The demo I played has a rather restrictive build limit of just 30 structures, so I wasn't able to create more than one or two extra outposts. This, I'm sure, limited the attention other societies were giving me; I'm interested to see Bulwark's politics systems at work over the course of a complete playthrough when it releases in full.
The one thing about this part of the game that left me feeling underwhelmed was the combat; save for keeping your surveyor constantly moving to help it avoid incoming fire, battles are completely passive, with their outcomes seemingly determined by numbers and nothing else. I get that Bulwark is supposed to be on the minimalistic side, and it's not a combat-forward game, so I'm not asking for high-level RTS micromanagement mechanics here. But I would at least like something engaging to do while I'm invading someone's territory or defending my own.
I've got questions, but I'm already hooked
The last thing I would expect from a sequel to the tense, action-packed dogfighting in The Falconeer is the type of game that Bulwark is, but based on what I've played so far, it's shaping up to be excellent. It's a completely new and unexpected way to spend time in Tomas Sala's vast oceanic world, and I'm loving the way he's weaving genres together while getting rid of the tedium that comes with layered menus and complicated management systems.
This streamlining also cuts away the depth you'd get from more complex titles like Frostpunk or Surviving Mars, so if you prefer deeper gameplay, you'll want to look elsewhere. But we should celebrate the simpler stuff, too, and that's precisely what Bulwark excels as: a casual, easy-to-understand game that anyone can have a good time with, complete with addicting building mechanics and The Falconeer's gorgeous stylized art direction.
Of course, I've definitely got a few questions. Is there more to the combat coming in future builds? How much of an impact will the 4X politics have in the long term? And aside from ruling all of The Great Ursee, will there be any other goals for players to work towards? Answers will surely come as Bulwark nears its release date — currently unspecified — but even if it were to launch just as it is now, I'd still love it. What I've played already has me hooked, and I can't wait to dive back in once it's out and I (hopefully) don't have a build limit to contend with.

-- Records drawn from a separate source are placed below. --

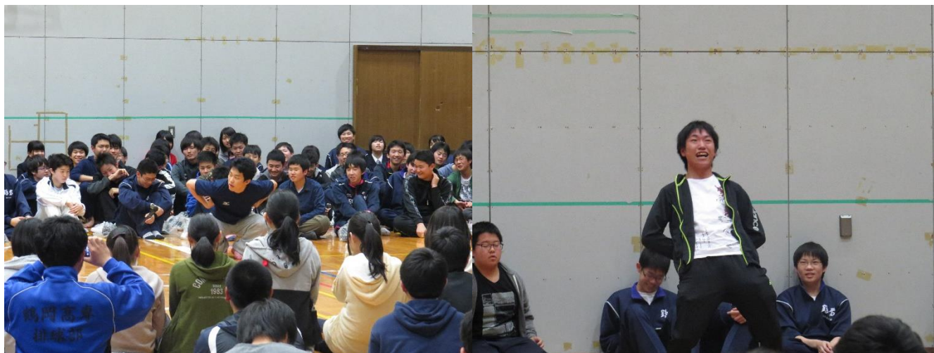
1年生も前に出て自己紹介をしてくれました。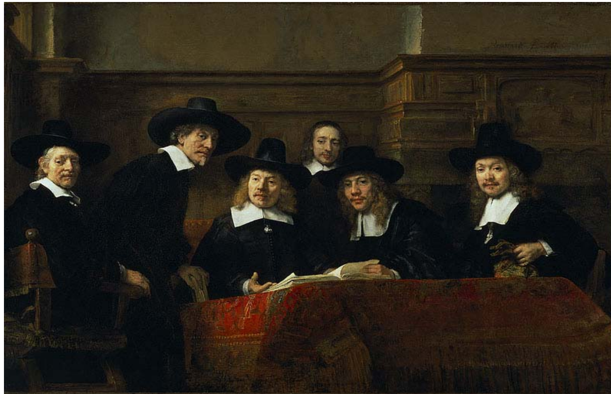
Research Institute for Transaction Management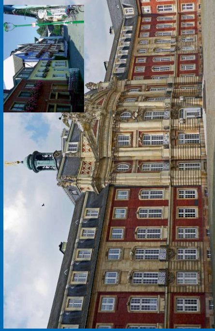
Stadtrundfahrt oder -führung in Münster

Die Kirchengemeinde Großen-Linden möchte im Jahr der Reformation neben vielen Veranstaltungen rund um Martin Luther auch andere Aspekte der Reformation in den Blick nehmen. Deswegen laden wir zu einer Fahrt nach Münster ein. Neben spirituellen Aspekten wird auch Zeit für Gemeinschaft, Natur und Bewegung sein. Egal, ob mit Gehhilfe, Rollator oder Fahrrad, wir machen ein Programm, bei dem alle dabei sein können.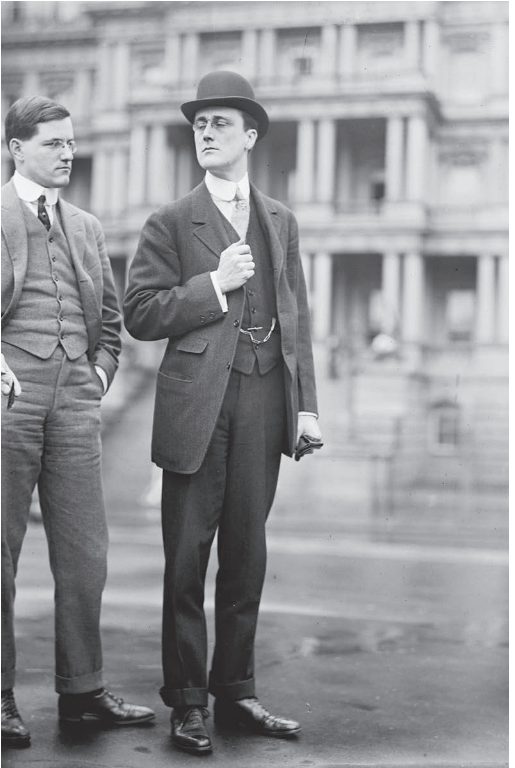
Franklin D. Roosevelt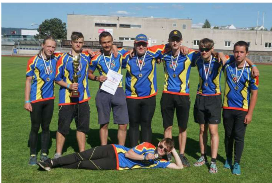
Dorostenci SDH Bozkov 2023

O to větší šok nás čekal na konci. Ve výsledkové listině svítíme na druhém místě a postupujeme na krajské kolo... Přiznám se, že s tím nikdo od nás nepočítal, prioritní disciplínou na vyšší kola je dorost a dospělí.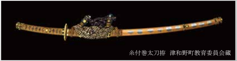
糸付巻大刀拵 津和野町教育委員会蔵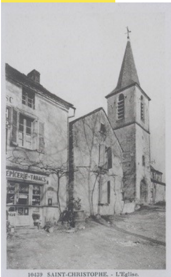
10439 SAINT-CHRISTOPHE. - L'Eglise.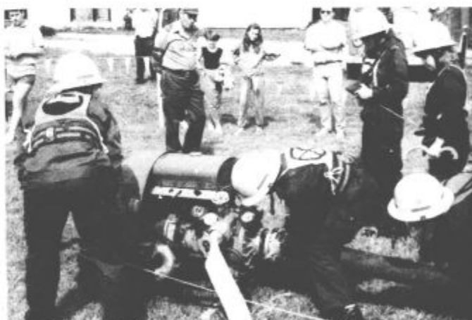
Prehodni pokal - simbolična rudarska svetilka - med ženskami v Hajdoš

razglasitev rezultatov so so z nastopom popestrili tudi člani Rudarskega okteta iz Velenja.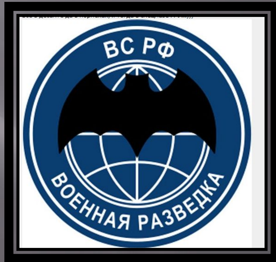
II – ОЙ ВЗВОД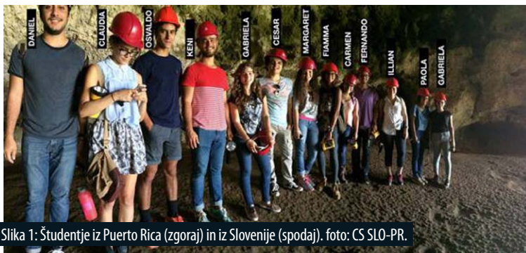
Slika 1: Študentje iz Puerto Rica (zgoraj) in iz Slovenije (spodaj).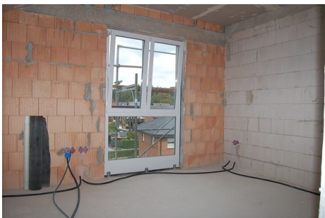
LH 12 DG Zimmer.JPG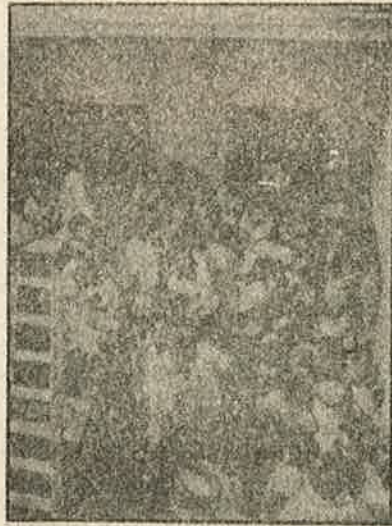
வாக்குச்சாவடியை ஆக்ரமித்த சி.பி.எம். குண்டர்கள்.

கவோ, அமைப்பாகவோ திரண்டு எதிர்க்காதிர்கள்! நீங்கள் செய்ய வேண்டியதெல்லாம் தேர்தல் வேலைகளைக் கவனிப்பதுதான்!" என்று உபதேசிக்கிறார்கள். திடீர்ப் பணக்கார அரசியல் ரௌடிகளுக்கு எதிரான நமது இயக்கத்தைக் கொச்சைப்படுத்தும் இதே சி.பி.எம். தலைவர்கள், தாம் நாற்காலிகளைப் பிடிப்பதற்காக கேரளத்திலும், மேற்கு வங்கத்திலும் ஆர்.எஸ்.எஸ்., காங்கிரசு குண்டர்களுக்கு எதிராகத் தேர்தல் ரௌடிகளைத் திறகு தனது கட்சிக் குண்டர்களை ஏவி விடத் தவறுவதில்லை. இதற்கான ஆதாரங்கள் நிறைவே உண்டு.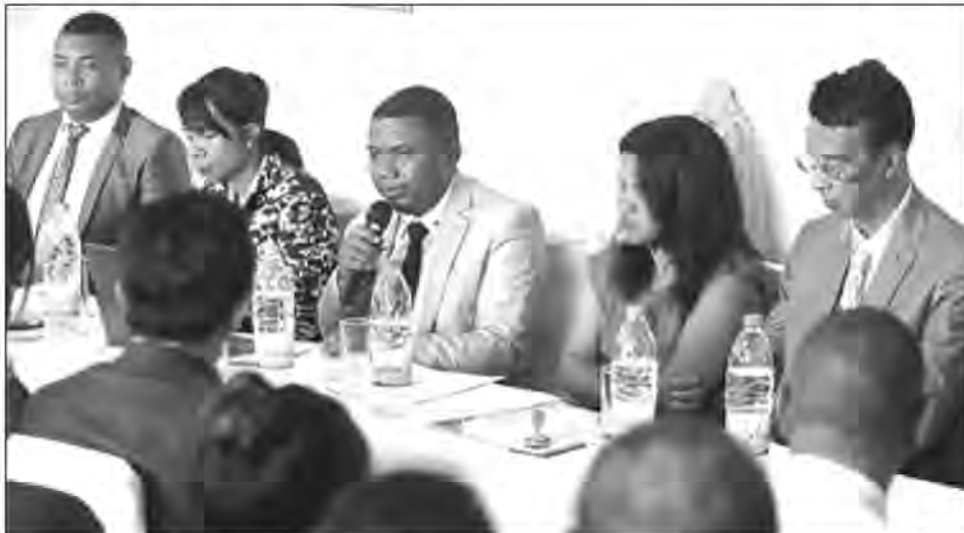
Lors de la conférence-débat sur la lutte contre la corruption dans l'enseignement supérieur.

mais présente dans 17 régions de Madagascar, a pour vocation d'orienter les étudiants à créer leurs propres projets de développement ou à monter leurs propres entreprises. Ils deviendront ainsi un vivier de dirigeants de demain. Raison pour laquelle, « il s'avère important de former ces étudiants à ne jamais être tentés par la corruption dès leur formation à l'université. Et à l'instar des stages pratiques offerts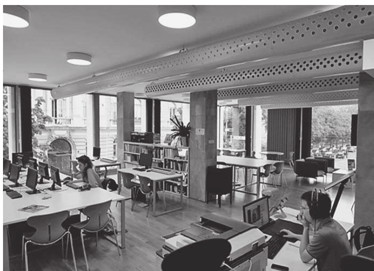
Slika 3. Čitaonica u novoj zgradi

Suvremena oprema novog prostora za Muzičku akademiju značila je skok u 21. stoljeće (Slike 2 i 3). Korisnici knjižnice su prvi puta u povijesti ustanove dobili čitaonicu, koja je omogućila korištenje novih usluga – mrežnih publikacija, baza podataka, digitalnih zvučnih snimaka, rad s programima za obradu notnog teksta uz klavijature i slobodno skeniranje. Olakšano je i korištenje vlastitih digitalnih proizvoda – repozitorija ocjenskih radova DRMA (osnivanjem repozitorija smješten u DABAR) i digitaliziranih rukopisa iz zbirke rijetkosti, smještenih u repozitoriju Muzičkog in-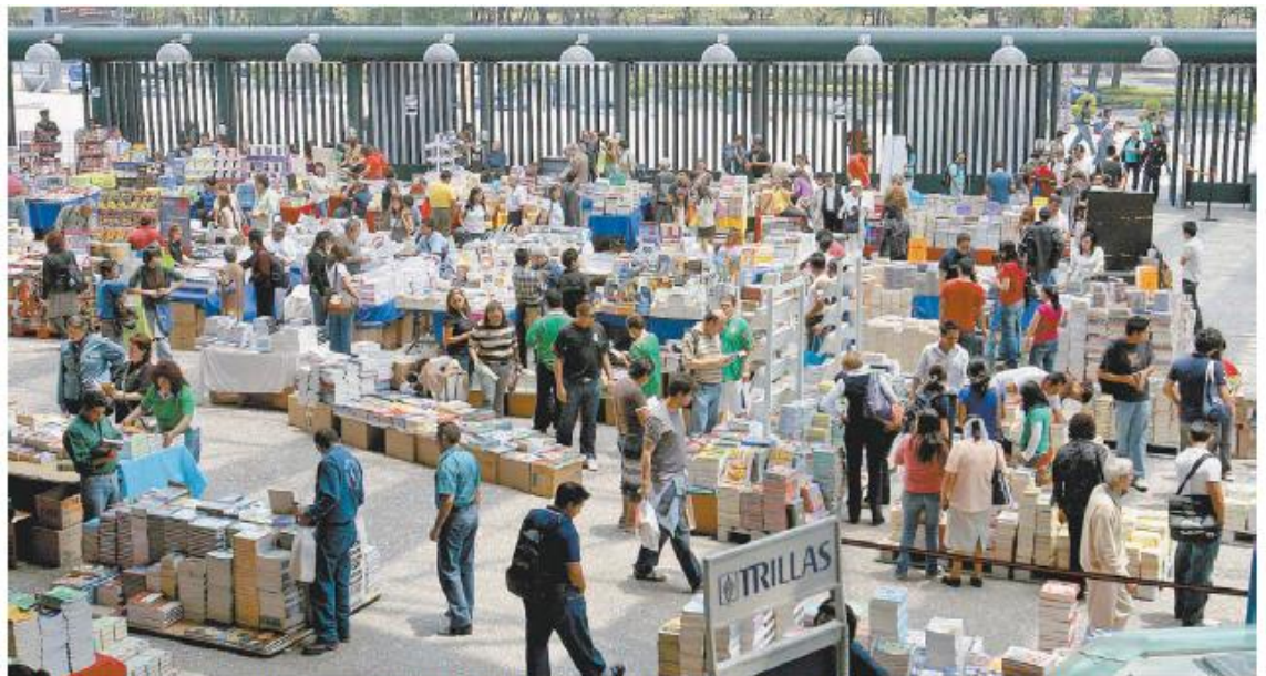
Se reunirán 135 expositores con más de 10 mil títulos a la venta, desde 10 pesos o descuentos de entre 60 y 80 por ciento.

En el encuentro se reunirán 135 expositores con 250 fondos editoriales y más de 10 mil títulos a la venta, con libros desde 10 pesos o descuentos de entre 60 y 80 por ciento, lo que es importante porque permite a los editores la posibilidad de deshacerse de sus inventarios de bodega y, en consecuencia, disminuir los costos de almacenaje por libros no vendidos.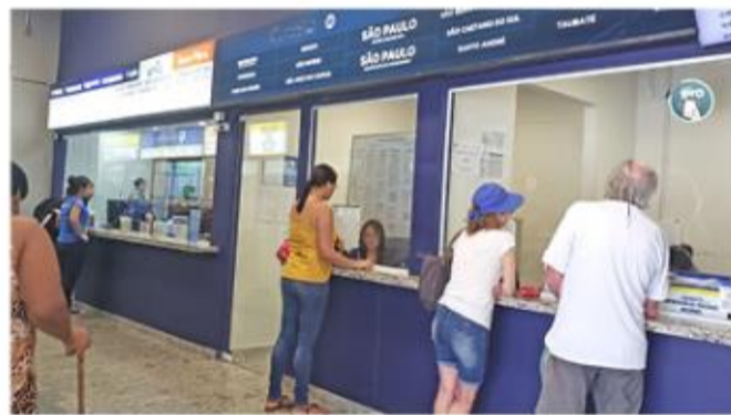
Já foi confirmada a partida de mais de 80 veículos extras

A Estação Rodoviária efetuou, no período correspondente à primeira semana de fevereiro, 1.407 partidas, embarcando 25.512 pessoas. Dessa maneira, a previsão é de que mais de 33 mil pessoas passem pelo local no período de carnaval.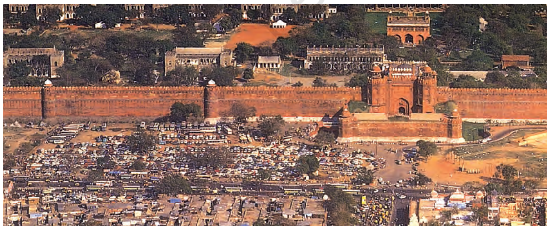
लाल किला (दिल्ली)

यदि अकबर ने इस तरफ़ ध्यान दिया होता और पता लगाया होता कि संसार के दूसरे हिस्सों में क्या हो रहा है तो उसने सामाजिक परिवर्तन की

Bulwark: Falconeer Chronicles doesn't have a release date yet, but we do know it's coming to Xbox and PlayStation systems in addition to Windows PC. The Falconeer, its predecessor, retails on these platforms (including Xbox One consoles) for $20, though you can often get it for less. It was also on Xbox Game Pass in 2021, and it's possible Bulwark might appear on the service, too.
The prequel to Bulwark is The Falconeer, a beautiful aerial combat game in which you take control of a mighty warbird. As you embark on missions and take on quests, you'll engage in tons of intense dogfights with enemy warbirds, dragons, and other threats soaring above The Great Ursee's stormy seas.